** INFORMATION PROVIDED **
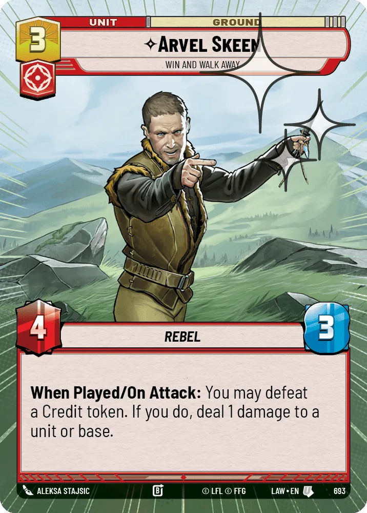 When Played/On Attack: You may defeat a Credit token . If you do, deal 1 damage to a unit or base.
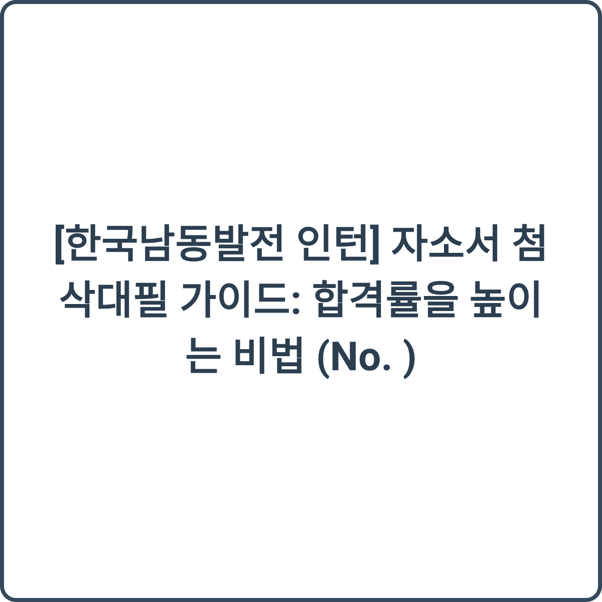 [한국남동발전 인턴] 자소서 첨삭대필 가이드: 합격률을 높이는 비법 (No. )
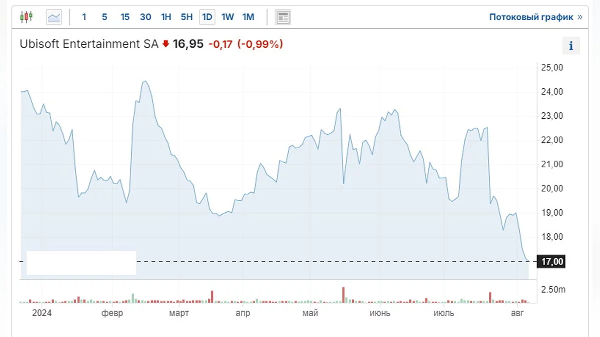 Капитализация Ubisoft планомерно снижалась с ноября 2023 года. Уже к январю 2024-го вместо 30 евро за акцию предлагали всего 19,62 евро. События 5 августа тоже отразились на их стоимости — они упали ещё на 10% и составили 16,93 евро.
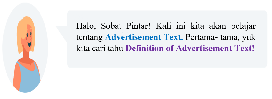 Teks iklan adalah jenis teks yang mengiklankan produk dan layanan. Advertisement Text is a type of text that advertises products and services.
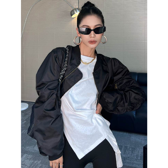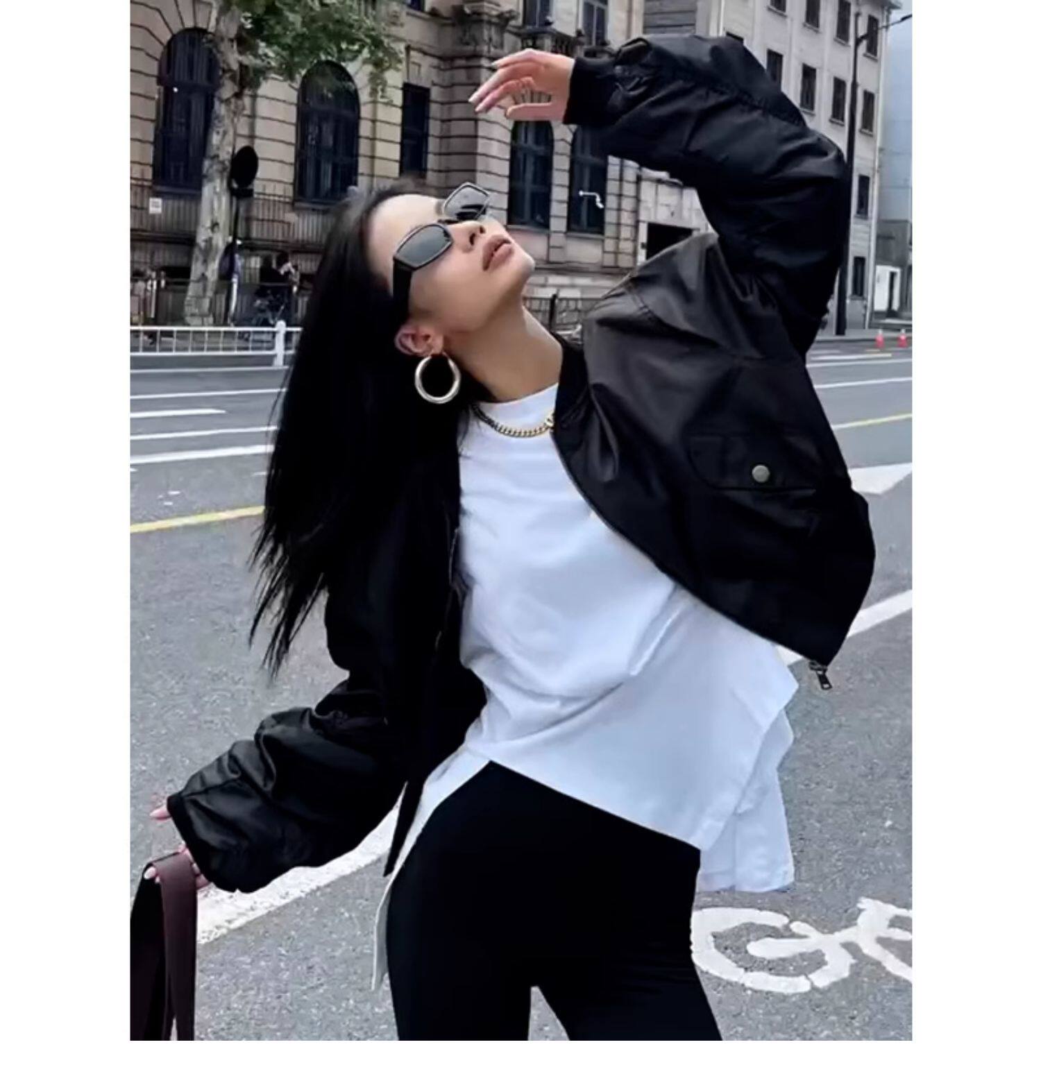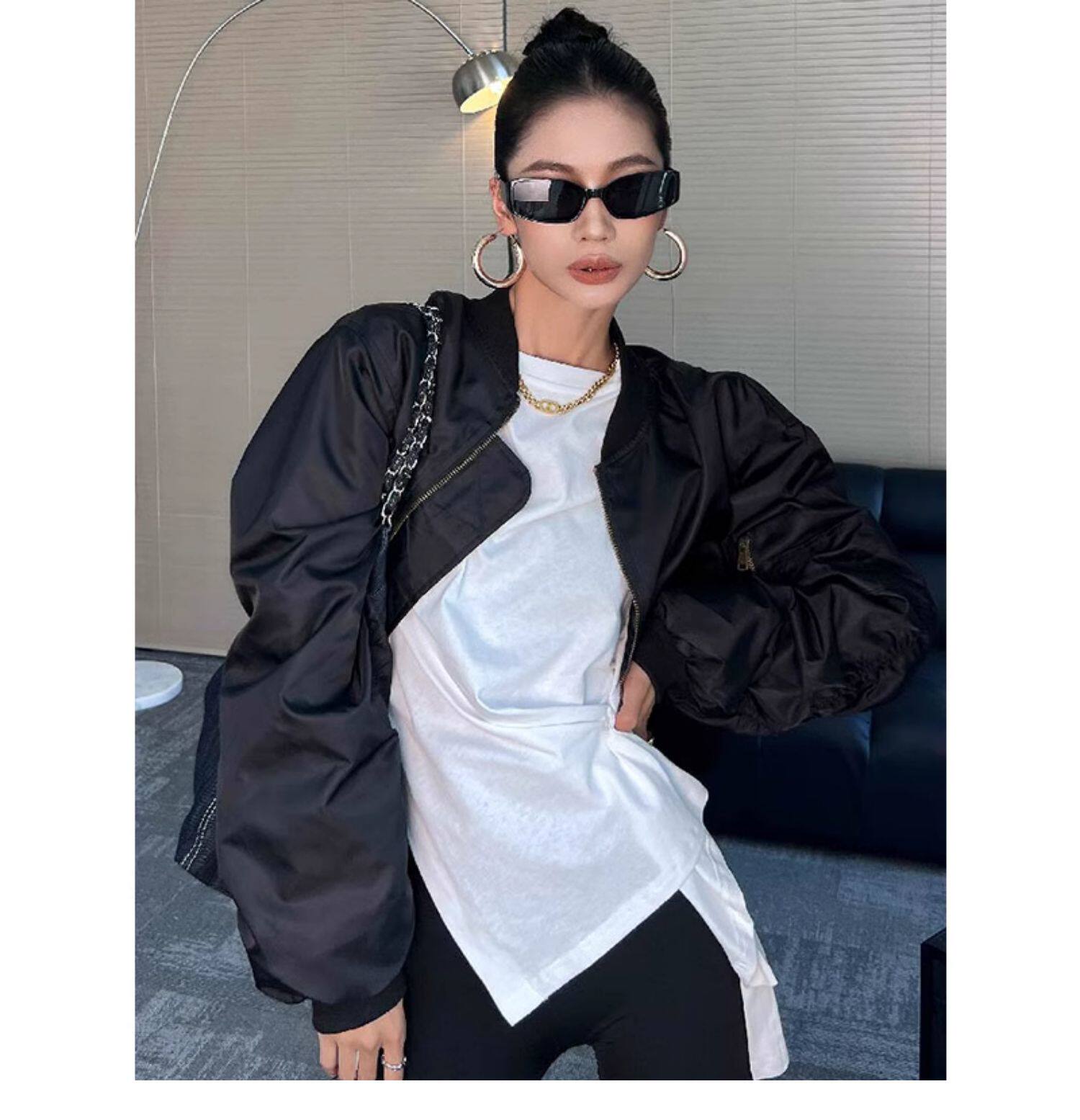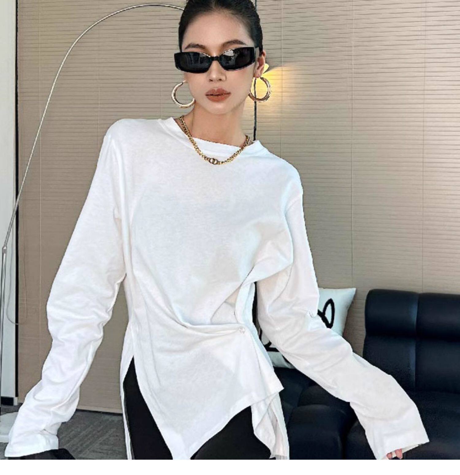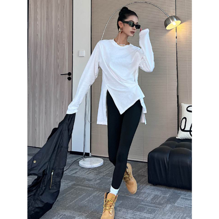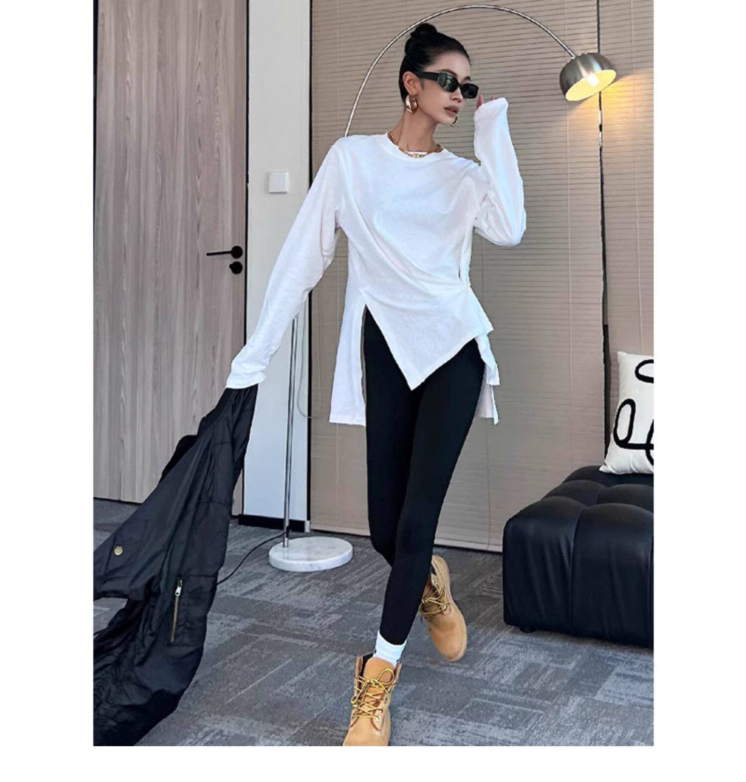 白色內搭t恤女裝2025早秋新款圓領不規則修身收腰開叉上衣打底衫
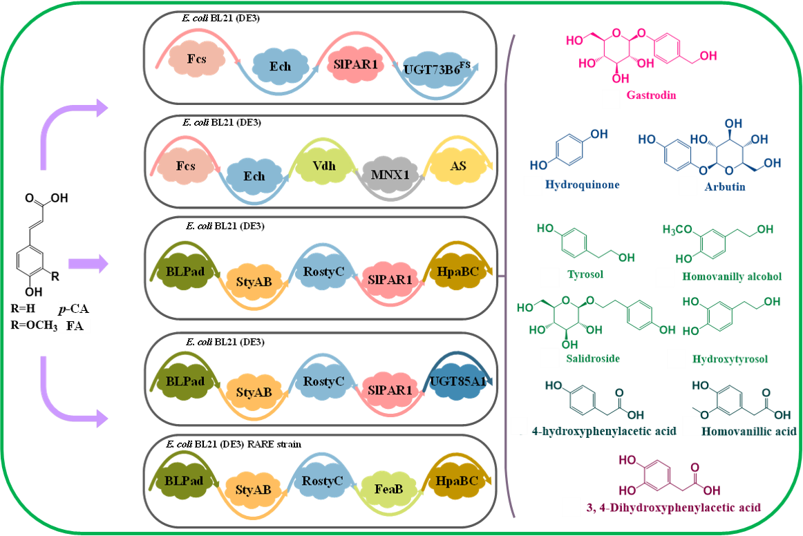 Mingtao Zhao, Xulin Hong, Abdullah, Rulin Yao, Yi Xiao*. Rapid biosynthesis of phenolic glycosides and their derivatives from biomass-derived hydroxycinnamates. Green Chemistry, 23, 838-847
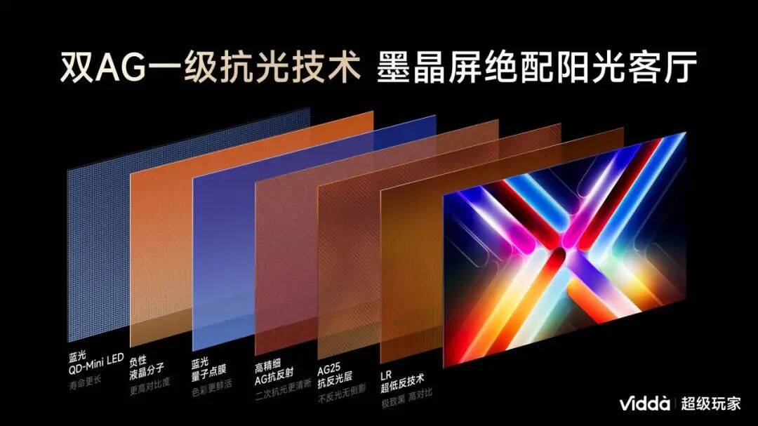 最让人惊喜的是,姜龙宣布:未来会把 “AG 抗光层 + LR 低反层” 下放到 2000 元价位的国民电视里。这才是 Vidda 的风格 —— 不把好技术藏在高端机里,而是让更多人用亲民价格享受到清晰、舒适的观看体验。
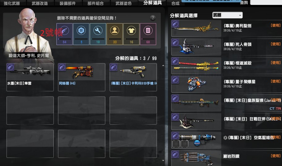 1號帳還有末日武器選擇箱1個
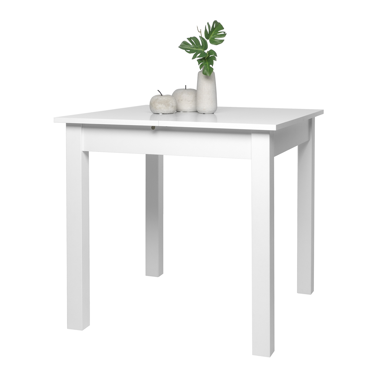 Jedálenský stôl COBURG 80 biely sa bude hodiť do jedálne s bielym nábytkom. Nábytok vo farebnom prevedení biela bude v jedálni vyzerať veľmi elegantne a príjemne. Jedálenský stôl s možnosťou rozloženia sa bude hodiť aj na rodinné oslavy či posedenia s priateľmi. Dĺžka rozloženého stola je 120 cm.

** PROBLEM DETAILS **
Skipping all images, print the data above a second time exactly.

** ANSWER TO THIS PROBLEM **
 When Played/On Attack: You may defeat a Credit token . If you do, deal 1 damage to a unit or base.
 [한국남동발전 인턴] 자소서 첨삭대필 가이드: 합격률을 높이는 비법 (No. )
 Капитализация Ubisoft планомерно снижалась с ноября 2023 года. Уже к январю 2024-го вместо 30 евро за акцию предлагали всего 19,62 евро. События 5 августа тоже отразились на их стоимости — они упали ещё на 10% и составили 16,93 евро.
 Teks iklan adalah jenis teks yang mengiklankan produk dan layanan. Advertisement Text is a type of text that advertises products and services.
 白色內搭t恤女裝2025早秋新款圓領不規則修身收腰開叉上衣打底衫
 Mingtao Zhao, Xulin Hong, Abdullah, Rulin Yao, Yi Xiao*. Rapid biosynthesis of phenolic glycosides and their derivatives from biomass-derived hydroxycinnamates. Green Chemistry, 23, 838-847
 最让人惊喜的是,姜龙宣布:未来会把 “AG 抗光层 + LR 低反层” 下放到 2000 元价位的国民电视里。这才是 Vidda 的风格 —— 不把好技术藏在高端机里,而是让更多人用亲民价格享受到清晰、舒适的观看体验。
 1號帳還有末日武器選擇箱1個
 Jedálenský stôl COBURG 80 biely sa bude hodiť do jedálne s bielym nábytkom. Nábytok vo farebnom prevedení biela bude v jedálni vyzerať veľmi elegantne a príjemne. Jedálenský stôl s možnosťou rozloženia sa bude hodiť aj na rodinné oslavy či posedenia s priateľmi. Dĺžka rozloženého stola je 120 cm.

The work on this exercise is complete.